Be present and engage in active listening

“Give them the space to share their feelings. Just be present and listen to your child — don’t put words in their mouth. Create that safe space so they know they can share with you that they’re feeling lonely. Ask open-ended questions. Instead of saying ‘did you have a good day?’ where they can say ‘yes’ or ‘no,’ ask a question that elicits more: ‘What did you do today that you enjoyed?’ Or: ‘Is there anything you found challenging today?’ Brainstorm with them options or ways that they could have handled a situation differently; or do some role playing with your child, so they feel prepared the next day.”

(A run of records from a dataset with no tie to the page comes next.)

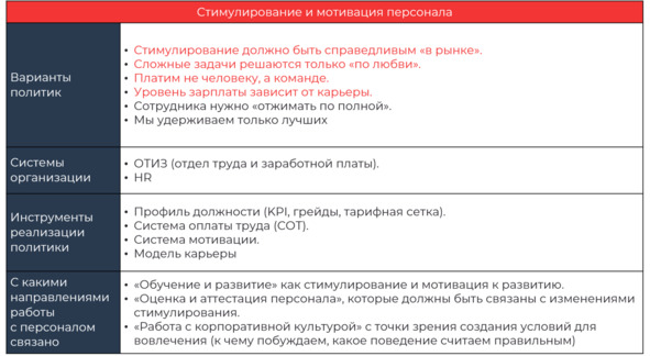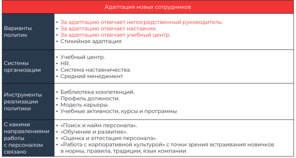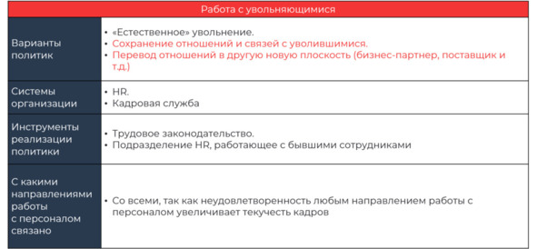 Синим шрифтом выделены те варианты политик, которые работают на развитие и стабилизацию персонала.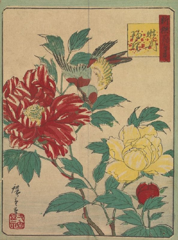 Pioenrozen en blauw-witte vliegenvanger, uit het album Niewe selectie van bloemen en vogels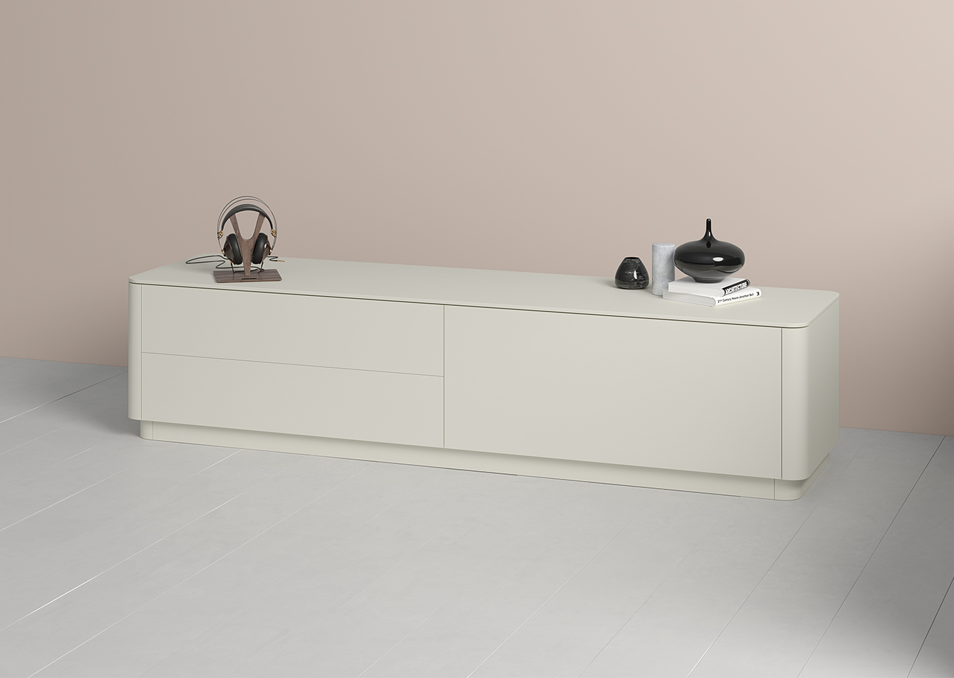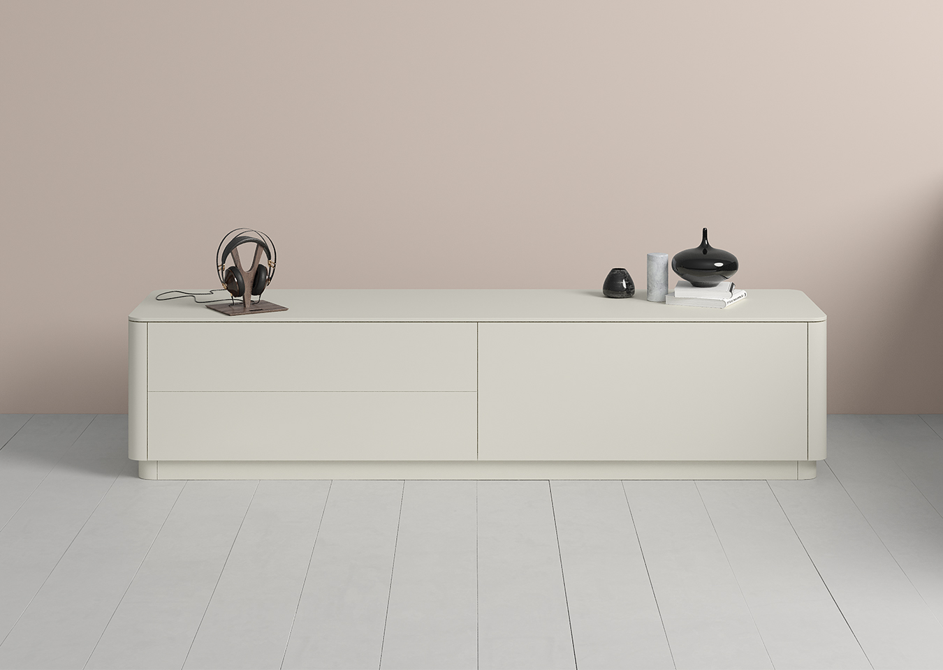Тумба Tammi под ТВ 2 ящика откидная дверь (молочный)
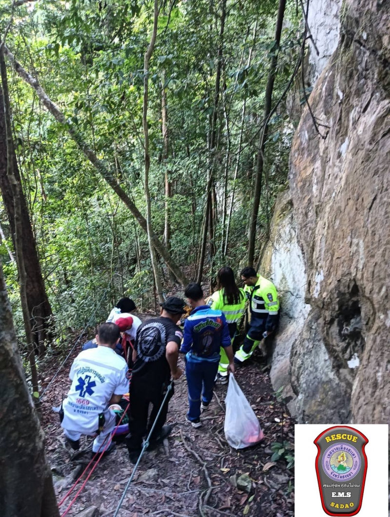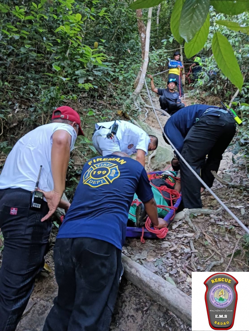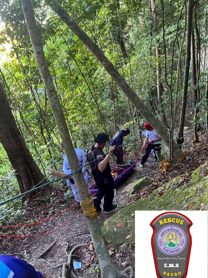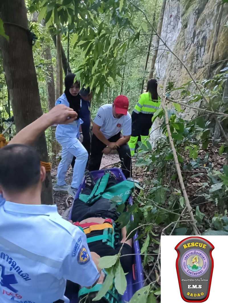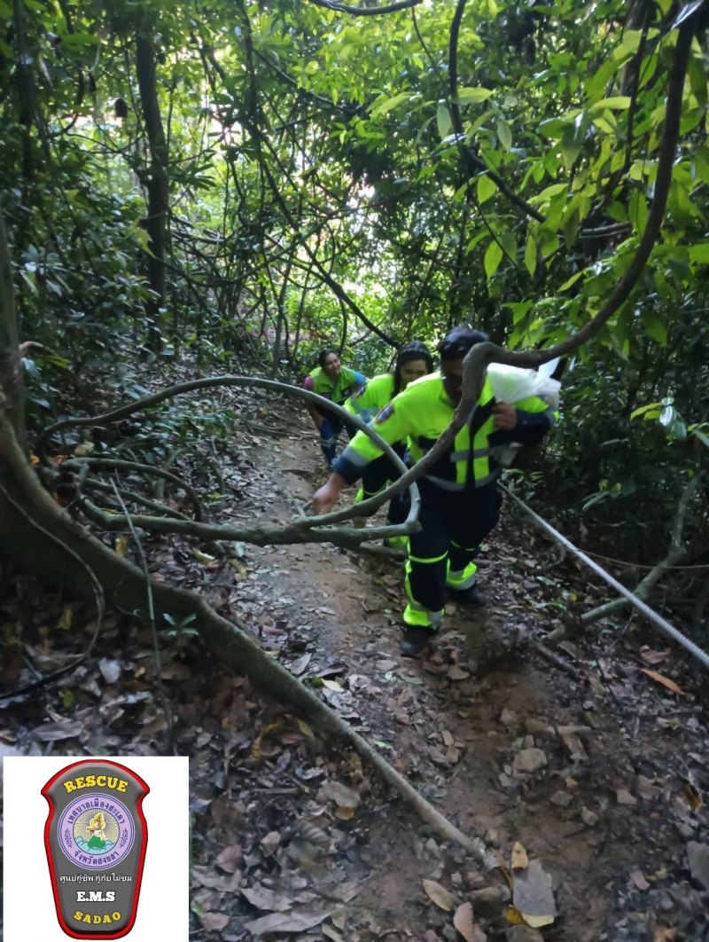 จากนั้นในที่เกิดเหตุเจ้าหน้าที่ได้ทำการปฐมพยาบาลเบื้องต้น ก่อนจะนำลงจากยอดเขาด้วยความลำบากและต้องใช้เจ้าหน้าที่กู้ภัยหลายคนในการลำเลียงร่างผู้บาดเจ็บลงมาจนสำเร็จ ใช้เวลาราวๆกว่า 1 ชม. และส่งต่อรถALS รพ.สะเดา นำส่ง รพ.สะเดาอย่างเร่งด่วนก่อนจะแจ้งให้ญาติทราบ

Plan outdoor social activities

“That can be with your child or with your child and their friends. Connect in a low-pressure way: ‘Let’s bring some kids over and go to the park.’ Plan something around a shared interest, like soccer or baseball, where they’re enjoying the sport together and they don’t have to sit and talk in a high-pressure way — they can just have fun. Our report on young people in crisis shows that outdoor third space areas — parks and recreation — help young people cope with their mental health. These same young people identified sports and opportunities for social connection as helpful to their mental health and well-being.”

Explore mental health resources

“Know what the school resources are, what’s available, before your child needs mental health support. Are there counselors, school psychologists? What’s the bevy of resources in school or in the community if my child is in need — therapists, local support groups? Our Crisis Text Line is great because it’s on the phone and most young people are comfortable with that and they can text our volunteers and it’s confidential. It’s about being prepared and aware.”

Ultimately, Turner says, young people are resilient — their brains are still growing — and intentional parenting goes a long way toward offsetting the effects of digital devices and social media.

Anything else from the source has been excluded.